Responding to reports that the annual freeze of the Laptev Sea is delayed, and is being driven by prolonged heat in northern Russia and the intrusion of Atlantic waters into the Arctic, the Clean Arctic Alliance reiterated its call to world leaders to take urgent action to slow Arctic heating ahead of this month meeting of the International Maritime Organization’s Marine Environment Protection Committee (MEPC 75), calling for at least a 60% global greenhouse gas emissions, and a 90% cut to black carbon emissions in the Arctic.
“Science shows that the planet has not experienced CO2 levels this high for three million years. As the slow start to this winter’s freezing of the Laptev Sea is demonstrating, and with global mean temperatures already showing an increase of 1.1° Celsius and the Arctic heating twice as much, unless urgent and collective action is taken, a 2° Celsius increase will prove a disaster to human health and wellbeing, our economies and the environment”, said Dr Sian Prior, Lead Advisor to the Clean Arctic Alliance.

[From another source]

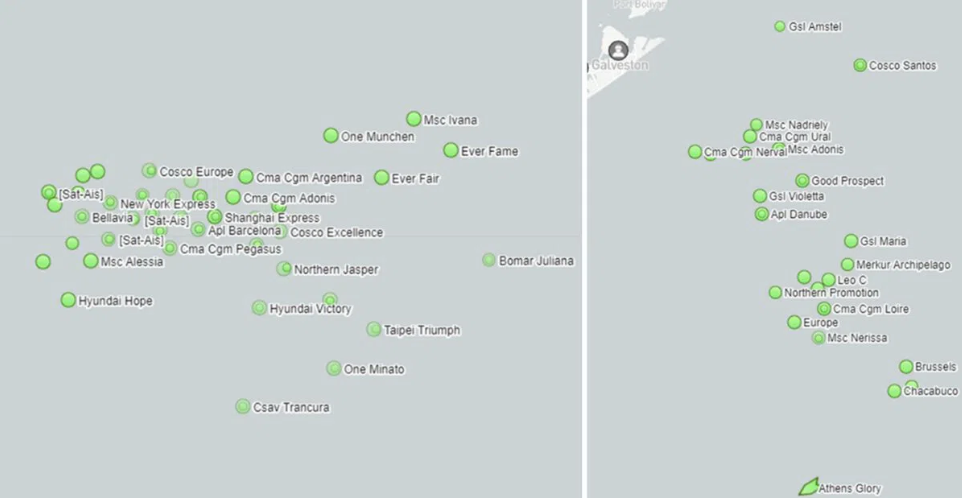 周二早上,在薩凡納港(左)和休斯頓港(右)附近等待的貨船

“As well as reducing CO2 emissions, every effort must be made to reduce emissions of short-lived climate forcers such as methane and black carbon – most dramatically in the Arctic, where black carbon emissions must be cut by over 90%,” added Prior. “At a time when the global mantra is to reduce emissions, it is unacceptable that in the shipping sector, emissions of black carbon are actually growing.”
“The loss of sea ice not only allows for greater access to the Arctic and its resources by ships and maritime industries, but it also lengthens the time over which ships can operate in the Arctic. These activities drive an increase in the risks to the Arctic, its communities and its wildlife – risks of heavy fuel and distillate oil spills, increased black carbon emissions, increased underwater noise, and discharges of greywater and scrubber wastes”, continued Prior.

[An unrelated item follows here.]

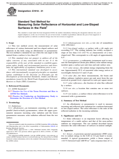 ASTM E1918-21 is a standard published by ASTM International. Its full title is "Standard Test Method for Measuring Solar Reflectance of Horizontal and Low-Sloped Surfaces in the Field". This standard covers: SIGNIFICANCE AND USE 5.1 Solar reflectance is an important factor affecting the temperature of a sunlit surface and that of the near-surface ambient air temperature. The test method described herein measures the solar reflectance of surfaces in natural sunlight. SCOPE 1.1 This test method covers the measurement of solar reflectance of various horizontal and low-sloped surfaces and materials in the field, using an albedometer or pyranometer. The test method is intended for use when the sun angle to the normal from a surface is less than 45°. 1.2 This international standard was developed in accordance with internationally recognized principles on standardization established in the Decision on Principles for the Development of International Standards, Guides and Recommendations issued by the World Trade Organization Technical Barriers to Trade (TBT) Committee.

Recently published work by the IMO shows that globally shipping black carbon emissions have grown by 12 per cent between 2012 and 2018, while work from the International Council on Clean Transportation found that in the Arctic black carbon emissions from the Arctic shipping fleet grew by 85 per cent in only four years between 2015 and 2019.
The Clean Arctic Alliance is calling on world leaders to take the following urgent action to slow the impacts of global heating on the Arctic:
- Show leadership by example, by accelerating national and regional policies and practices that will fulfill the goals of the Paris Agreement, especially that of limiting the increase to 1.5 degrees Celsius – requiring an at least 60% reduction in emissions by 2030.

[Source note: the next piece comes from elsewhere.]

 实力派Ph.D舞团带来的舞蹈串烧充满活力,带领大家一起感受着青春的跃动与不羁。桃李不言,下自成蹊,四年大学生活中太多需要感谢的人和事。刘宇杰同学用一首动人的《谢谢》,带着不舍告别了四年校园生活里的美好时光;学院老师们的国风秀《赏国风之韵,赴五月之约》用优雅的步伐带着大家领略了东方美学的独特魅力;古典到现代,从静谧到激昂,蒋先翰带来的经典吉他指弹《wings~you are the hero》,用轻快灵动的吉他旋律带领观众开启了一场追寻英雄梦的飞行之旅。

- Through the IMO, adopt mandatory measures to reduce ship speed to effect deep immediate reductions in climate emissions from ships.
- Agree on an effective and credible IMO regulation which bans the use and carriage of heavy fuel oil by Arctic shipping from January 2024 – without exemptions or waivers for any vessels.
- Support a mandatory IMO regulation requiring ships to switch from heavy fuels to distillate fuels (or other cleaner fuels) in the Arctic, and install efficient particulate filters in vessels, in order to reduce black carbon emissions by over 90% in the Arctic region, where black carbon emissions are especially damaging.